On a cold February morning, John Keogh breaks through the icy surface of a loch not far outside Edinburgh wearing nothing but a blue and green hat, matching trunks, gloves and socks. He submerges himself in the water until it hits his chest as he has done every day since the first of February and will do until the end of the month.
Keogh spoke to Keep Edinburgh Thriving to tell us why he decided to swim in the sea, reservoirs, lagoons and rivers every day in the coldest month of the year.
After retiring from his role as an engineering manager in September last year, Keogh was looking for a new challenge and was inspired by some local wild swimmers.
“I was out with a friend in Portobello and there were people swimming in the sea and I thought, I’m going to do that. So I set myself a target to be in the sea by the end of November.”
Acclimatising to Scottish water is no easy feat. Keogh built up his tolerance through cold showers until he felt comfortable enough to take a dip in the sea. He hit his November target and by December he was swimming in cold water at least three times a week.
Flash forward to February 2021 and Keogh is wild swimming every day come rain or shine and even snow, but no longer just for fun. He is raising money for the charity, Sarcoma UK, in memory of his son-in-law Shaun, who passed away from sarcoma cancer four years ago.

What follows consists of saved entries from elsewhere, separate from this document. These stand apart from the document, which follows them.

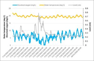 This project aims to enhance understanding of road runoff effects on river water quality (e.g. dissolved metals, plastics, organic load, thermal dynamics), aquatic biodiversity (e.g. algae, invertebrates) and ecosystem processes (e.g. organic matter cycling, ecosystem metabolism). A core area of study will be the River Aire catchment centred around Leeds (from Gargrave to Castleford), where water@leeds currently maintains a 25 sites sensor network (since late 2024) (link). The network currently focuses mainly on temperature and discharge measurement, and several sites also incorporate measurements of dissolved oxygen. Data collected to date highlights notable effects of storm runoff on river dynamics, notably severe oxygen sags following prolonged periods of low flow (Fig. 2).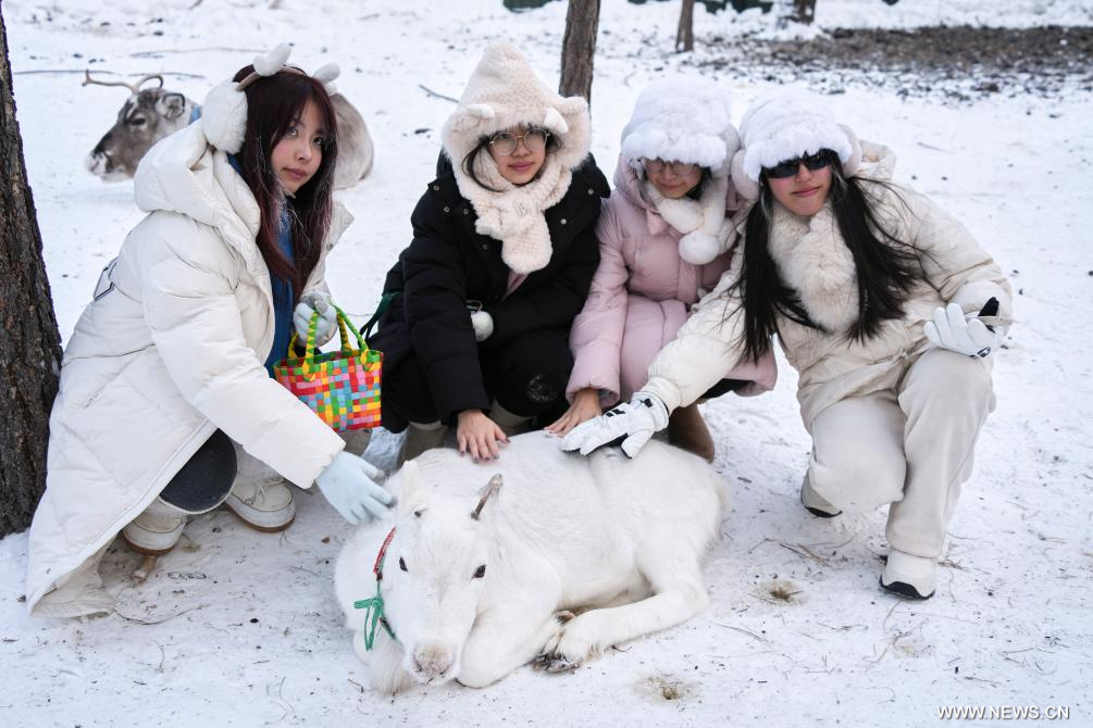 موخه 29 يناير 2026 (شينخوا) في الصورة الملتقطة يوم 28 يناير 2026، زائرات يأخذن صورا مع أحد غزلان الرنة في قرية بيجي بمدينة موخه في مقاطعة هيلونغجيانغ شمال شرقي الصين.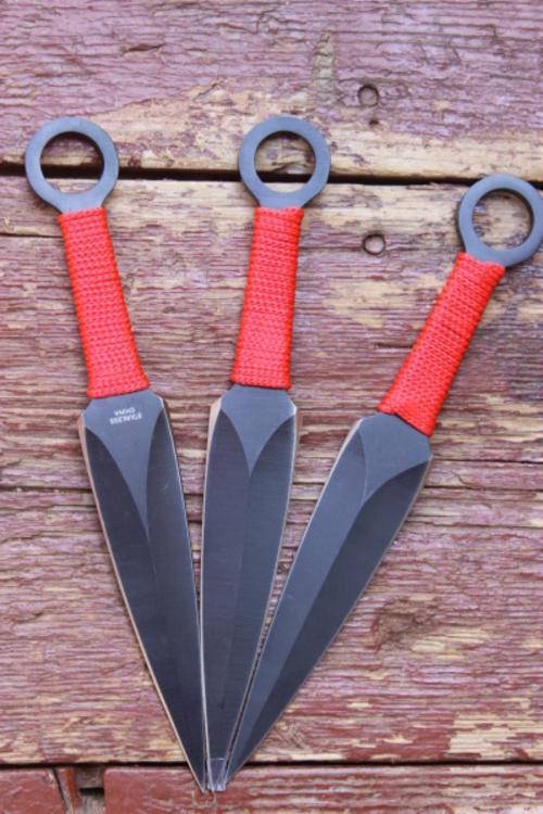 STAINLESS NINJA 3 KNIVES - RED WITH POUCH *** *COMBINE ITEMS AND SAVE ON SHIPPING COSTS***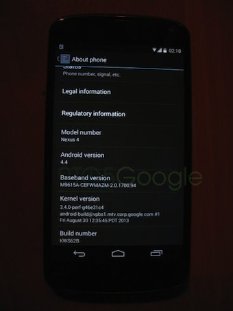 Au cours du weekend, outre le fait que le soleil était présent sur toute la France et que nous avons été champion d’Europe de basket, un petit malin a envoyé à divers blogs outre-Atlantique une série de clichés, de ce qu’il, ou elle d’ailleurs, prétend être Android 4.4 KitKat. Selon cet informateur anonyme, la version est accessible sur la Nexus 4 d’un ami.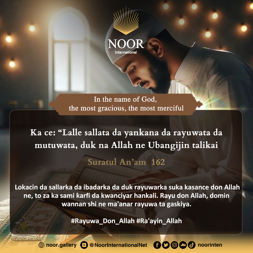 Lokacin da sallarka da ibadarka da duk rayuwarka suka kasance don Allah ne, to za ka sami ƙarfi da kwanciyar hankali. Rayu don Allah, domin wannan shi ne ma'anar rayuwa ta gaskiya. #Rayuwa_Don_Allah #Ra'ayin_Allah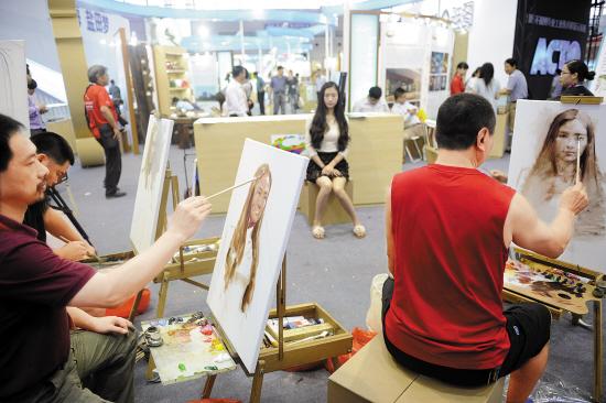 昨日在文博会龙岗展区,大芬油画村的画家们以不同笔法共同为模特作画 羊城晚报记者 王磊 摄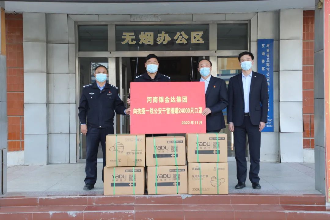 在當(dāng)前疫情嚴(yán)峻復(fù)雜的形勢(shì)下,公安干警不懼風(fēng)險(xiǎn)英勇戰(zhàn)斗在疫防一線,為守護(hù)一方平安和抗擊疫情作出了重要貢獻(xiàn)。銀金達(dá)集團(tuán)黨委書記、董事長(zhǎng)閆銀鳳為助力公安干警抗擊疫情,委托集團(tuán)黨委副書記、工會(huì)主席楊鳳瑞和彩印公司副總經(jīng)理劉廣斌到衛(wèi)輝市公安局、衛(wèi)輝市交警大隊(duì)慰問,并捐獻(xiàn)防疫口罩2.4萬(wàn)只,表達(dá)銀金達(dá)干部職工的熱誠(chéng)問候。

“I was actually enjoying the cold swimming and then I thought, do you know something? I’m going to go in every day. What's the shortest month? February. I thought, I’m gonna call it a ‘Dip a day in FebHooray’ because I wanted to put a wee bit of fun in it as well. Little did I know February is the coldest month of the year for water.”
Keogh had been wanting to find his own way to honour Shaun's memory and raise money for Sarcoma UK research. Once he discovered wild swimming it became clear to him this was how he wanted to do that. He then got in touch with Sarcoma UK and they helped him set up a ‘Just Giving’ page.

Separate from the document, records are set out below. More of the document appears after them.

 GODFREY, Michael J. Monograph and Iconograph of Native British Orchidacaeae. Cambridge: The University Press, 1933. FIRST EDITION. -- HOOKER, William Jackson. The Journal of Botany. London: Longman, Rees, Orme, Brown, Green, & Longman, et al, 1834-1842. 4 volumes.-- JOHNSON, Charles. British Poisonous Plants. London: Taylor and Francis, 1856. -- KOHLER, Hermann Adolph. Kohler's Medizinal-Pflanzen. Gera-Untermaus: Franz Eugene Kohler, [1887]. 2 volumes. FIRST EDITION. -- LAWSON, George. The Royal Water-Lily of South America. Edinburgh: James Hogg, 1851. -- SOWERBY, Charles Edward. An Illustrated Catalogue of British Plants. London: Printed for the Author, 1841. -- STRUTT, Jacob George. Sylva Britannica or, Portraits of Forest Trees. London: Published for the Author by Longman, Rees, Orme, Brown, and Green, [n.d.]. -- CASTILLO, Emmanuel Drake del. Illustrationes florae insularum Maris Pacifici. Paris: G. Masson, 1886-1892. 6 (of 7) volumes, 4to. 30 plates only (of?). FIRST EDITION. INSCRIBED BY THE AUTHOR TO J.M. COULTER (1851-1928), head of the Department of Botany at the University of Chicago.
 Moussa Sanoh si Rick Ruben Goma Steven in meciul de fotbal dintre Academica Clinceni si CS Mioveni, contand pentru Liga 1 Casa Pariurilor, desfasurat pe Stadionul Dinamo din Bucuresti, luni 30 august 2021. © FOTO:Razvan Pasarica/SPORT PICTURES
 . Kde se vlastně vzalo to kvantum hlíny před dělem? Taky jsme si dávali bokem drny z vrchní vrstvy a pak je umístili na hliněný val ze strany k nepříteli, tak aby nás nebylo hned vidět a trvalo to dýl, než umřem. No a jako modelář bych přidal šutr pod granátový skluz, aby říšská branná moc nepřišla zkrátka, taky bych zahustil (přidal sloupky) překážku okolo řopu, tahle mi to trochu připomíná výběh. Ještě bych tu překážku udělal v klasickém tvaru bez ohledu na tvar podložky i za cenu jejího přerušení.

“It took me four years to essentially buck up the courage to actually do something. A lot of other folks were doing some things and I was part of that but I wanted to do something.”
Shaun was 34 when he was unexpectedly diagnosed with sarcoma cancer, changing his and his family's lives.

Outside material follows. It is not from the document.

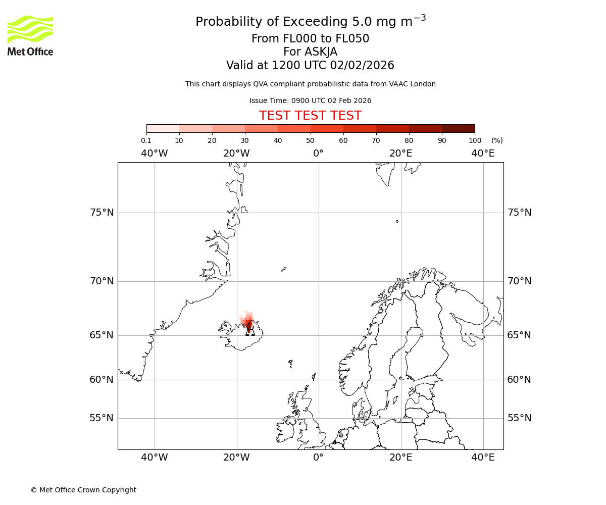 Probability of exceeding 5.0 milligrams per metre cubed. From 000 to 050 for ASKJA. Valid at 1500 UTC 02/02/2026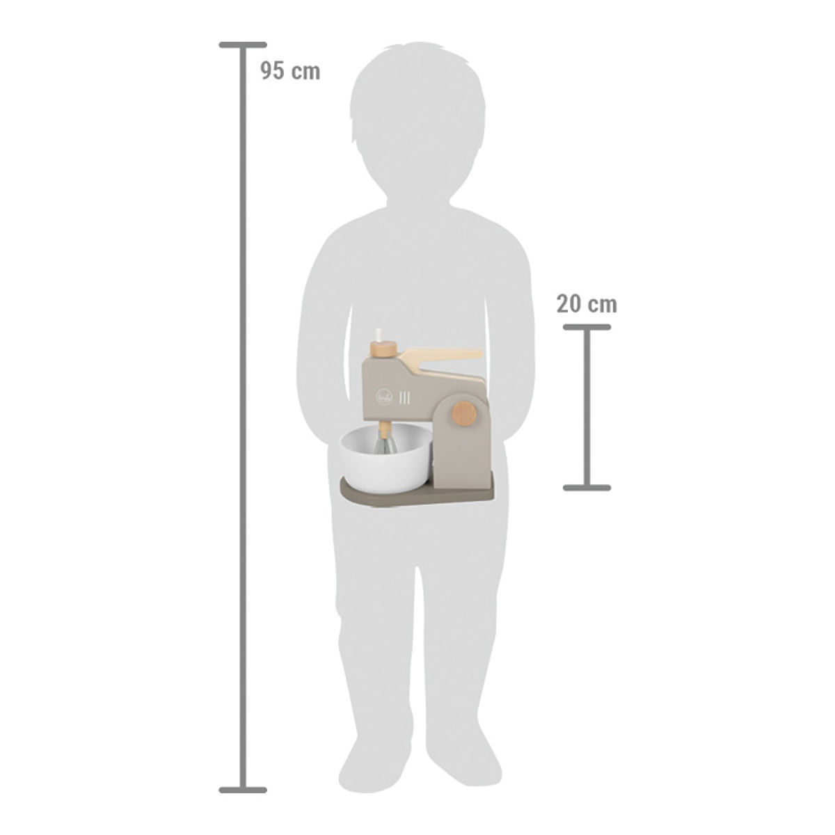 S touto dřevěnou sadou mixéru v teplé šedé barvě s množstvím přírodního dřeva budou malí pekaři i pekařky ve své kuchyňce skvěle vybaveni. 2 v 1! Ruční mixér se dá připevnit k podstavci mixéru a během chvíle se tak promění v moderní kuchyňský robot. Metlička ještě umocňuje realistický herní zážitek, neboť jí lze otáčet pomocí rukojetí. Samozřejmě nechybí ani dřevěná mísa, ve které je třeba namixovat to správné těsto. Sklápěcí mixovací hlava, která se dá odklopit nahoru, umožňuje snadné vyjmutí mísy. Mixér má stabilní základnu díky podstavci. Hlavní vlastnosti: 2 v 1ideální doplněk dětských kuchyněkstabilní provedenírozvoj sociálních dovednostívyvážený design a moderní barvyhodí se k dalším výrobkům z produktové řady Tasty

“He had been complaining of a sore back so he went to the doctor’s a couple of times and eventually got the blood tests done.”
Shaun got his blood tested on a Thursday. On Friday he was admitted to hospital due to abnormalities in his blood and by the Sunday he was told he had stage four cancer.
“You know how you talk about somebody's life changing overnight? That was kind of it. I’m sure they call it silent cancer. Shaun had a lump the size of a tennis ball in his thigh and he never even felt it.”
After being diagnosed with terminal cancer in April 2016, Shaun passed away on December 31 that year.
Sarcoma is a cancer that affects the bones or soft tissue and is one of the lesser-known cancers. The key symptoms to look out for are bone pain or a lump developing anywhere in the body. It is often only identified at later stages, like in Shaun's case.
Sarcoma UK is a national charity that funds vital research, offers support for anyone affected by sarcoma cancer and campaigns for better treatments.
Dr Sorrel Bickley, director of research, policy and support at Sarcoma UK, spoke with Keep Edinburgh Thriving to explain the main issues facing those with Sarcoma and why Keogh’s actions are so important.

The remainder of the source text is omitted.